Не зная, куда они меня повезут, я все равно был рад, что удалось вырваться из лап верзилы.
Миновав железную дорогу, машина свернула к усадьбе бывшей МТС. В небольшом бору стояли танки, грузовики, пушки. Вокруг — много палаток, а в эмтээсовских домах и бараках — ни окон, ни дверей. Вскоре подошел немец и спросил:
— Официр?
— Нет,— ответил я.
— А кто ты есть?
— Школьник, жил дома. Но красноармейцы прогнали нашу семью с передовой, и я не знаю, где теперь мама. Бежал к тетке, она тут недалеко.
— Знаю я ваша тьетка. Идем!
Думал, сейчас расстреляют. Но вместо этого немец завел меня в барак. Там, в небольшой комнате на голом полу, лежали двое красноармейцев. Один, окровавленный, с перебитой ногой, тяжело стонал. Другой, покрепче, спросил, откуда я. Выяснилось, что он из соседнего района и знает нашу деревню.
Вошел немец, недавно допрашивавший меня.
— Возьми этого,— показал он на бойца с перебитой ногой,— и отведи в машину.
Грузовик с открытым бортом стоял недалеко. Как только раненый оказался в кузове, машина загудела, и меня обдало удушливым синим дымом.
— Иди назад,— приказал немец.
Единственный уголок в комнате был залит лучами вечернего солнца. Там я и прилег. Где-то далеко слышались глухие взрывы, в небе гудел самолет. Неожиданно раздался винтовочный выстрел.
— Не того ли раненого убили? — сказал я, но боец уже спал, ширрко раскинув руки. Его стриженая голова лежала на моей ноге. Нога онемела, но я терпел, наблюдая, как рывками поднимается и опускается грудь красноармейца. Не заметил, как сам уснул. А когда проснулся, уже была ночь, и в помещении похолодало.
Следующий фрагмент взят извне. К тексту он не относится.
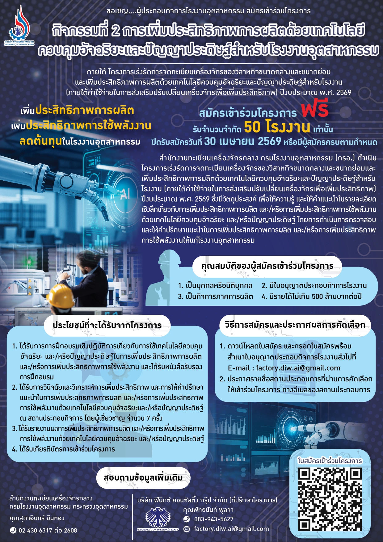 ประชาสัมพันธ์การสมัครเข้าร่วมโครงการเร่งรัดการจดทะเบียนเครื่องจักรของวิสาหกิจขนาดกลางและขนาดย่อม ปีงบประมาณ พ.ศ.2569

Так прошла первая ночь плена. В полдень к бараку подъехал на лошади ефрейтор и приказал нам с бойцом идти впереди него. По дороге он взвалил мне на спину какие-то железные коробки...
Мать слушала рассказ Володи и едва сдерживалась, чтобы не расплакаться.
Положение на фронте, о котором рассказывал юноша, политрук знал гораздо лучше. Красноармейцам пришлось отступить, чтобы не попасть в окружение. Рота Сергеева должна была прикрывать отход наших войск с левого фланга. Немцы же рвались к шоссе, чтобы обойти и окружить ее. Войскам удалось отойти почти без потерь, зато рота в жестоком бою полегла почти целиком. Тогда-то и был ранен Сергеев.
— Поздно уже,— сказал политрук.— Вам пора уходить. Но ты, Володя, заглядывай почаще.
Старый Шайдоб был заядлым приверженцем «нового порядка». Он ходил по полю, отмечал участки, принадлежавшие ему до коллективизации, наконец вкопал столбики на межах и начал жатву. Глядя на него, отмерили свои участки еще двое хозяев, но взяли они полоски поменьше прежних. «Что же это будет, ведь без хлеба останемся,— тревожились женщины.— Надо разделить все поле на равные полоски и начинать жать». Но тут в деревню наведался бургомистр волости Бодягин — средних лет мужчина, широкоплечий, с угрюмым взглядом маленьких глаз. Он приказал созвать сход.